SLB tomó una decisión clave
Otro nombre que aparece con fuerza es SLB, la antigua Schlumberger y una de las mayores compañías de servicios petroleros del mundo.
La empresa anunció este sábado que no participará en proyectos petroleros en Malvinas, una decisión que adquiere especial relevancia por su fuerte presencia en la Argentina y en Vaca Muerta. SLB trabaja con compañías como YPF y otros operadores de la cuenca neuquina, por lo que el costo de quedar excluida del mercado argentino sería considerablemente mayor que el de resignar negocios en un proyecto offshore todavía en desarrollo.

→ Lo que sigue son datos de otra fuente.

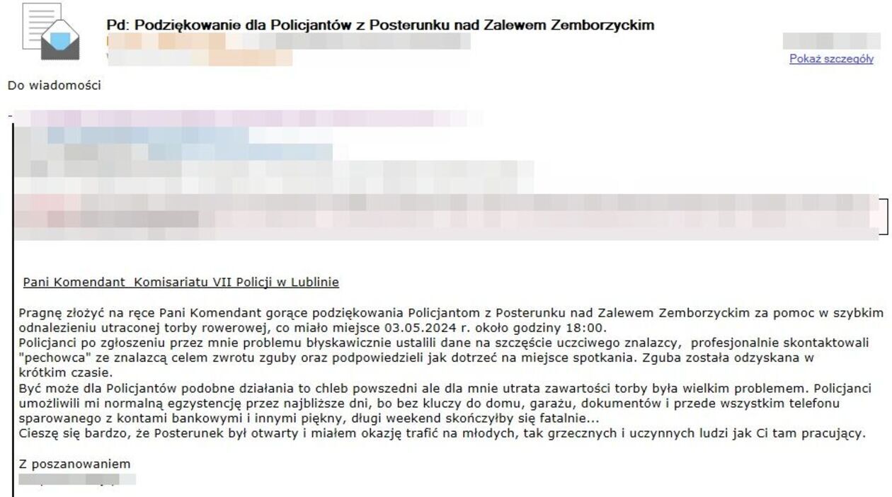 "Być może dla policjantów podobne działania to chleb powszedni, ale dla mnie utrata torby z zawartością byłaby wielkim problemem" - ocenił wdzieczny obywatel.

El movimiento también funciona como señal para otras grandes compañías internacionales de servicios petroleros. Hasta el momento, Halliburton y Weatherford, otros dos grandes jugadores de servicios en Vaca Muerta, no aparecen públicamente vinculados a Sea Lion. Tampoco hay evidencia pública de participación de gigantes como Shell, TotalEnergies o Equinor en el proyecto.
Una lista mucho más grande que las operadoras
El Gobierno todavía no difundió públicamente el listado completo de las 180 empresas notificadas. Por eso, no es correcto afirmar que las 180 tengan actualmente operaciones directas en Malvinas.
Lo que sí se conoce es que el universo incluye a las dos operadoras de Sea Lion y a compañías vinculadas directa o indirectamente con la cadena de servicios. Entre las firmas con antecedentes en los desarrollos petroleros de las islas aparecen también Falkland Oil and Gas, Borders & Southern Petroleum, Argos Resources, Desire Petroleum, Premier Oil, Noble Energy Falklands, Noble Energy, Edison International, Chrysaor y Harbour Energy, aunque algunas ya no tienen participación actual en los proyectos.
El Gobierno, además, inició formalmente procedimientos sancionatorios contra 45 personas físicas y jurídicas, según informó la Presidencia, incluyendo empresas, accionistas y firmas que prestaron servicios a compañías involucradas en la explotación hidrocarburífera en las islas.
El verdadero impacto de la estrategia, sin embargo, podría verse en los próximos meses. Vaca Muerta se convirtió en el principal argumento económico de Argentina para intentar que las multinacionales hagan una elección de mercado: continuar apostando a un proyecto offshore en un territorio disputado o preservar el acceso a una industria argentina que ya moviliza miles de millones de dólares en inversiones, producción, infraestructura y exportaciones.
Y el caso Bluewater, junto con la decisión de SLB de mantenerse fuera de Malvinas, muestra que la disputa dejó de ser solamente diplomática. Ahora también empieza a jugarse en los contratos, las cadenas de proveedores y, sobre todo, en el valor económico de tener acceso al negocio de Vaca Muerta.